Song-kul lake is located at 3016 meters and is accessible via dirt roads only. It’s shores ara dotted with yurt camps that belong to the nomad people who raise cattle there – horses, cows, sheep and goats – and also offer accommodation to the few tourists that visit the area. When I say few I mean compared to what a place like this would be like in Europe, for example, but here it is one of the main tourist attractions in the country. People who come up here fall mainly into three groups – hikers, cyclists and adventure bikers.

Today we spent most of the day riding around the lake and taking pictures and videos of this amazing place. On the way we met a couple from France who are riding around the world and they told me about the Wakhan valley road, which I hope to do. They said it had very bad washboard combined with sand, which is about the worst possible conditions for riding, but only for the first 80 or so kilometres, then it was fine, and they added that it was totally worth riding it for the views and its closeness to Afghanistan. I guess that if they made it riding two up with so much luggage it is worth a try.

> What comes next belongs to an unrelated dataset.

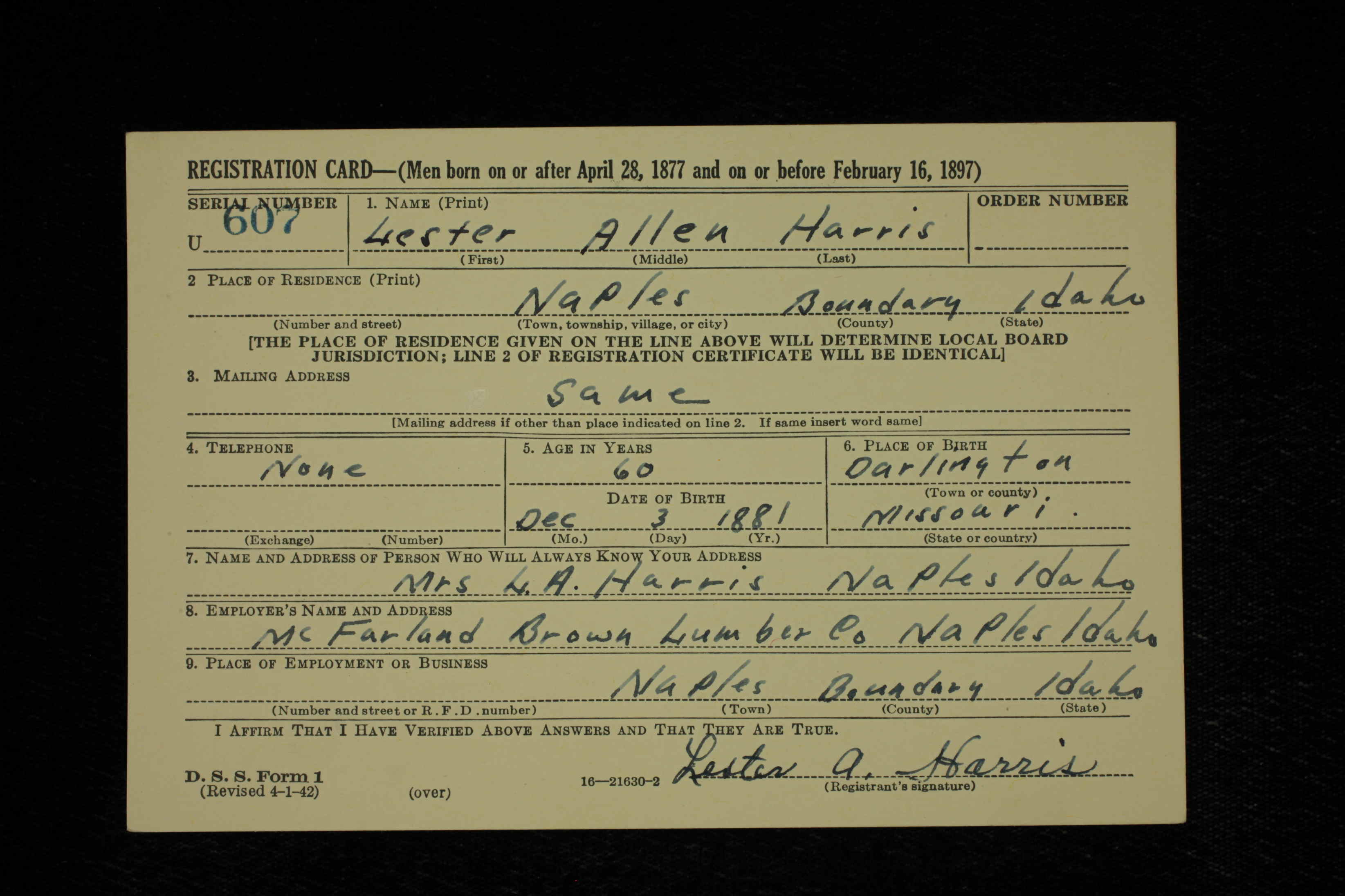 | Lester A Harris - U.S., World War II Draft Registration Cards, 1942 |

On the north shore we found this building and rode to it, thinking it could be a caravanisai, the places where caravans stopped to spend the night and stock supplies, but it was in fact a the burial place of Olzhobolot uulu Andash, a hero who fought against the Kazakhs in 1847.

Before reaching the east end of the lake, where the water flows out of the lake, we found a nice beach and jumped into the water, setting a new personal record for the highest place where I have had a swim, and then rode back to camp as if were on a Dakar stage.

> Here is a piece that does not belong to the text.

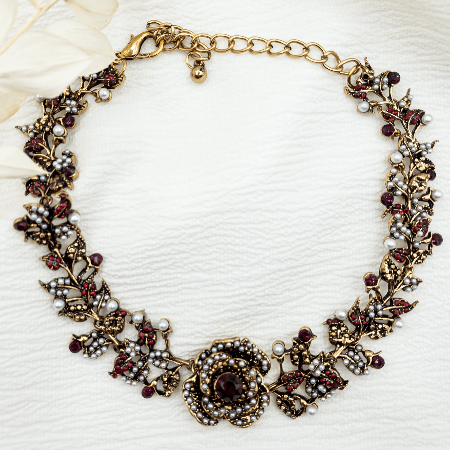 - Colier fabricat din metal, cu cristale de sticla și perle aplicate.

Back at the camp, we decided to go for a walk to the shore of the lake to stretch our legs a bit, since on a trip like this you spend a lot of hours on the bike. We set off thinking that the water we could see was about 15 minutes away, but by the time we had walked almost two kilometres we still had not reached it. This was a good lesson on how on such vast flat terrain perspective changes, and without a point of reference for scale, everything is much, much further away than it seems – our European brains are not callibrated for these distances. We turned around and headed for the camp before it got dark, the yurts now tiny in the distance.